Mientras tanto, en la biblioteca, la señora Murray era recibida por el capitán Burke.
—Agradezco que hayas venido a interesarte por la salud de mi esposa —se obligó a decir Owen.
—No es ninguna obligación, sino el deber de una amiga —Bashi no le había dicho que Melisa también la acompañaba.
—¿Cómo se encuentra su esposa, capitán Burke? —preguntó la joven, más interesada en observar la casa de Margaret que en el estado de Vera.
—No muy bien —reconoció.
—¡Oh! Lo siento mucho, nunca pensé que Vera enfermara. En nuestro viaje desde Londres era la más fuerte —dijo como si fuera la mejor amiga de Vera—. Resistió todo aquel infierno sin desfallecer.
—Lleva usted razón, mi esposa es una mujer fuerte y saldrá de esta.
—Seguro que sí, capitán, seguro que sí. ¿Podemos verla? —preguntó Melisa.

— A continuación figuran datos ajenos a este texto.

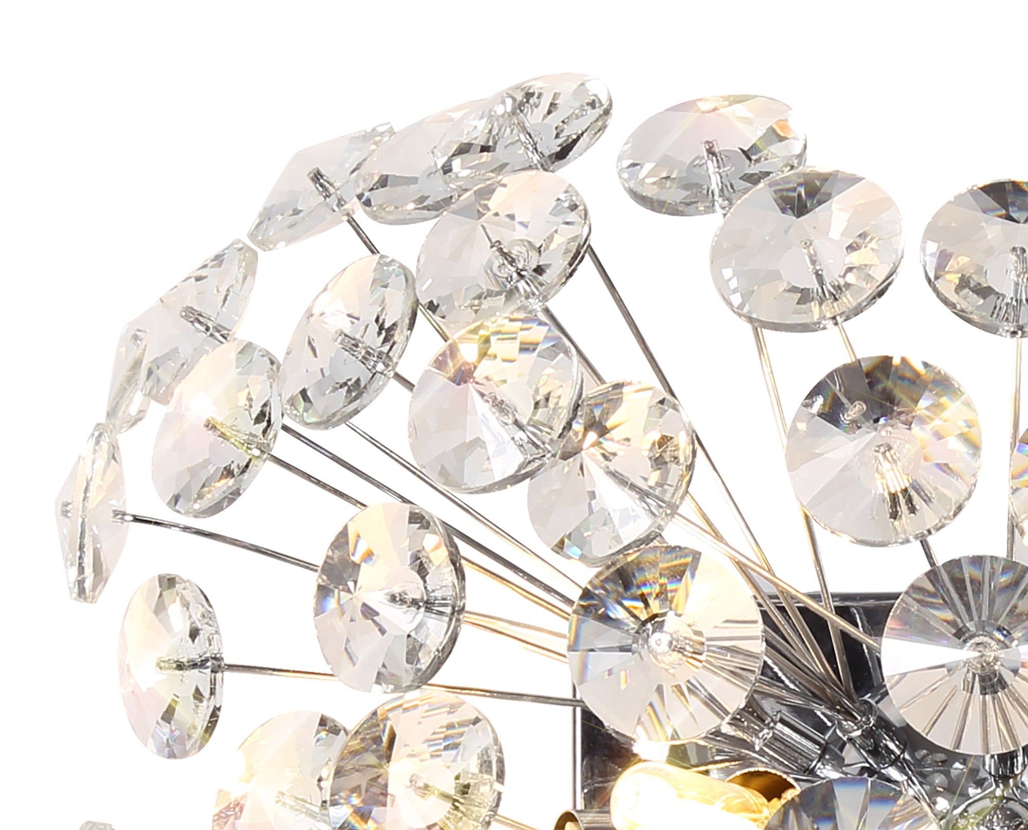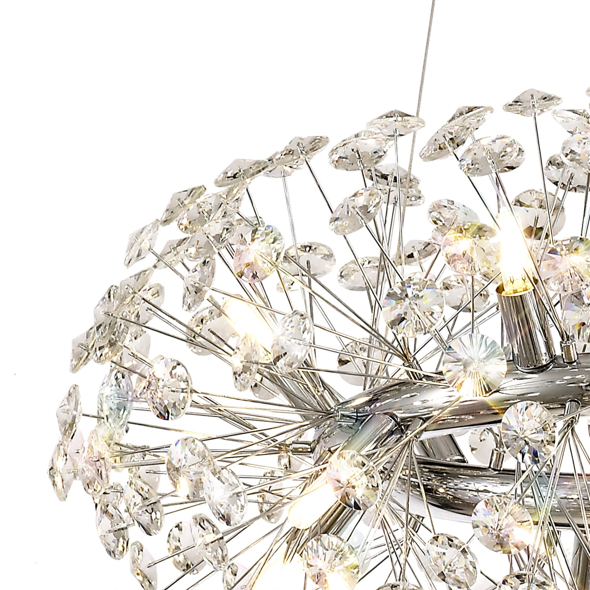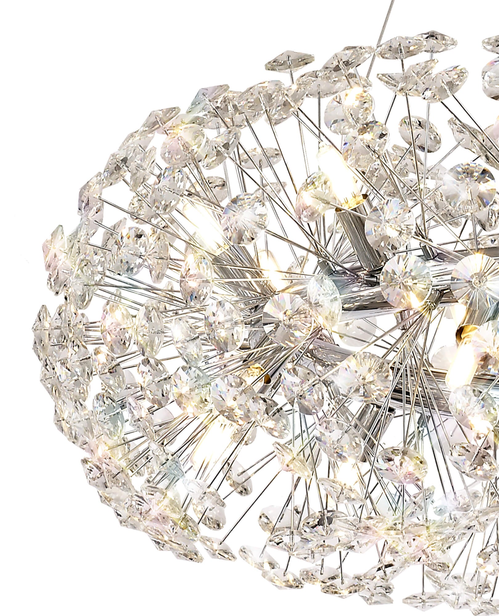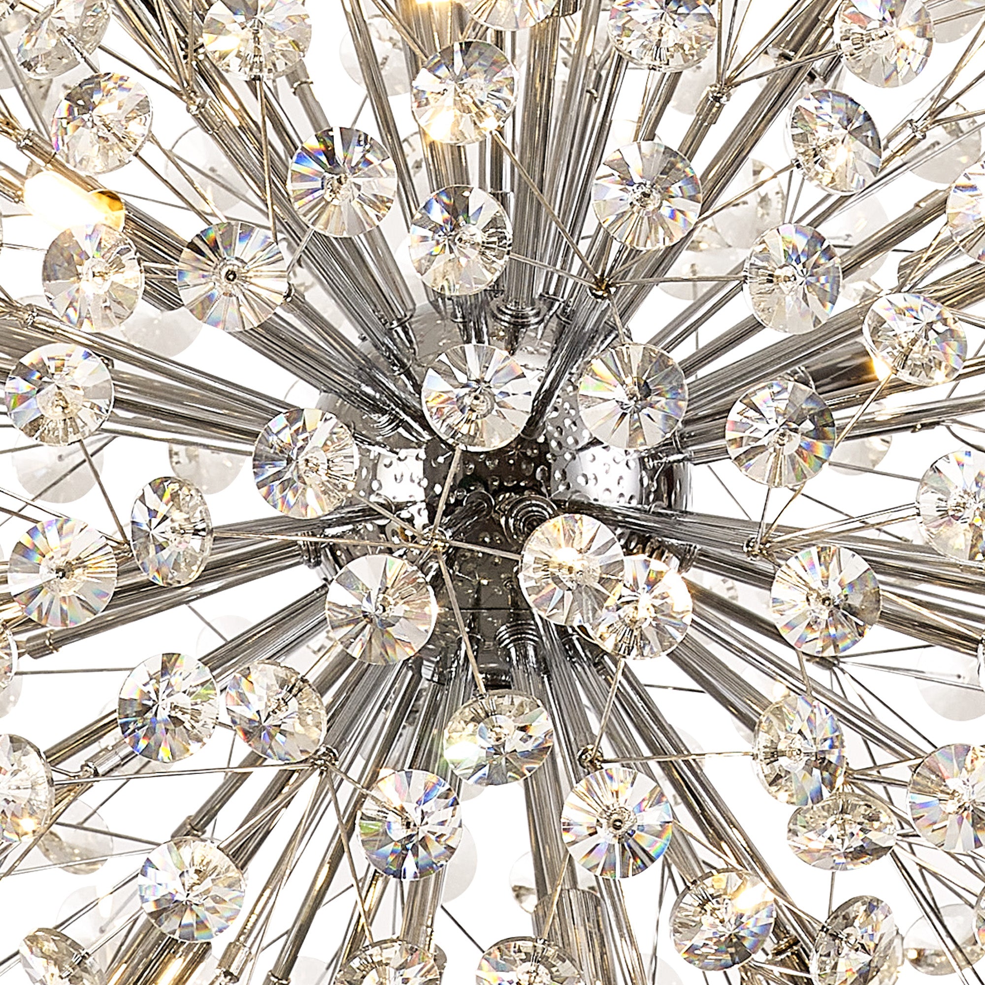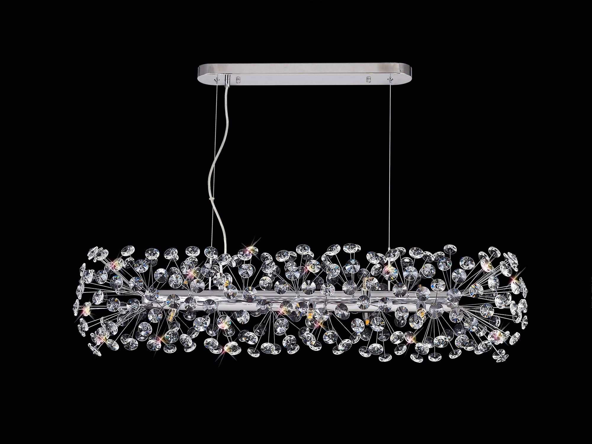 This stunning collection features slim, erratically angled stems that create a captivating cluster of clear crystal disks. The central framework comes in round, tiered, and oblong linear pendant designs, making each piece a striking addition to any space.

—No pueden hacerlo. No sabemos si lo que tiene es contagioso —dijo Owen como excusa para que no visitaran a Vera. Ángela alzó una ceja, Owen estaba seguro de que sabía el diagnóstico gracias a Akerman. Ángela casi había obligado a Melisa a acompañarla. Prefirió quedarse en un segundo plano y observar a su amante. Lo que vio le confirmó que no dejaría que esa mojigata le robara a ese hombre—. Si me disculpan —se excusó—, debo regresar a su lado, mi criado les servirá un té o cualquier otra cosa que prefieran.
Las dos mujeres esbozaron una sonrisa forzada. Ángela al comprender que Owen se había enamorado de esa muchacha y Melisa por envidiar una casa como la que disfrutaba Vera.
Owen ordenó a Bashi que atendiera a las invitadas y regresó al lado de Vera. Su estado era mucho más preocupante y su desesperación, también. No sabía cómo aliviar su dolor. Además, su agonía por respirar la consumía cada vez más. Burke tomó sus manos entre las suyas y le habló con afecto. Rogó a Dios que la salvara. Si lo hacía, la compensaría por todo el daño que le había hecho padecer.